CAMPAIGNERS have announced they are taking the government to court for approving catastrophic plans to develop Rosebank oil field.
Climate group Uplift says the Tories have failed to prove how drilling the largest undeveloped fossil fuel field in the North Sea aligns with their much-touted plans to drastically cut carbon emissions by 2050.
Offshore energy regulator, the North Sea Transition Authority (NTSA), will also face legal action for approving the licences.
The NSTA granted consent to Equinor and Ithaca Energy, claiming it was “taking net-zero considerations into account throughout the project’s lifecycle.”
Uplift executive director Tessa Khan said: “If Rosebank goes ahead, the UK will blow its own plans to stay within safe climate limits.

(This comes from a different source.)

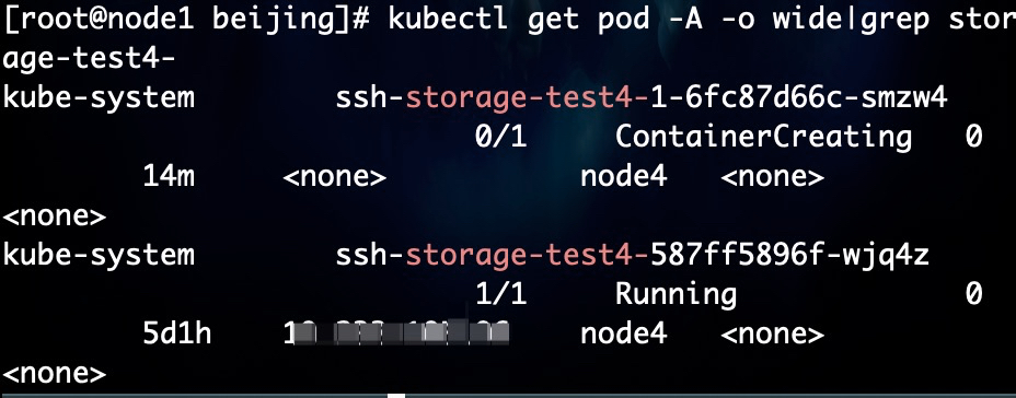 kubectl get pod -A -o wide|grep storage-test4- 再次查看pod状态

It’s that simple.
“If the government disagrees, it needs to provide evidence and prove it in court.
“The regulator also needs to be open about its reasons for approving a huge oil field when we’re facing a worsening climate crisis.”
Greenpeace, which is taking the government to court in a separate case, argues that the government should have considered the “direct and indirect effects of the use of the extracted hydrocarbons on human health, the environment and climate change.”
The government defines net zero as only including emissions generated by machinery used to extract oil, not the emissions created when it is sold and used abroad.
Greenpeace argues that Scottish ministers were not consulted about Rosebank’s impact on a seabird breeding site and says undersea cables will destroy ocean habitats, and oil contamination will affect whales.
A government spokesperson said Britain’s oil and gas industry “will provide around £50 billion in tax revenue over the next five years,” which it says will “fund our transition to net zero.”
Equinor is set to benefit from a £2.8 million tax break to extract around 300 million barrels of oil from the site, campaigners have calculated.
A Just Stop Oil spokesperson called the Rosebank approval “a catastrophically bad decision.
“It will cook the climate and destroy our children’s future, while doing nothing for energy security or the cost of living crisis.
“Licensing new oil and gas is a crime against humanity.
“Citizens shouldn’t have to resort to legal action or getting on the streets to stop our criminal government from destroying everything we know and love. But if that’s what it takes, it’s what we will do.”
An Extinction Rebellion spokesperson said: “Licensing new oil and gas fields is criminally negligent at this point in history. We need to keep challenging them by all possible means.”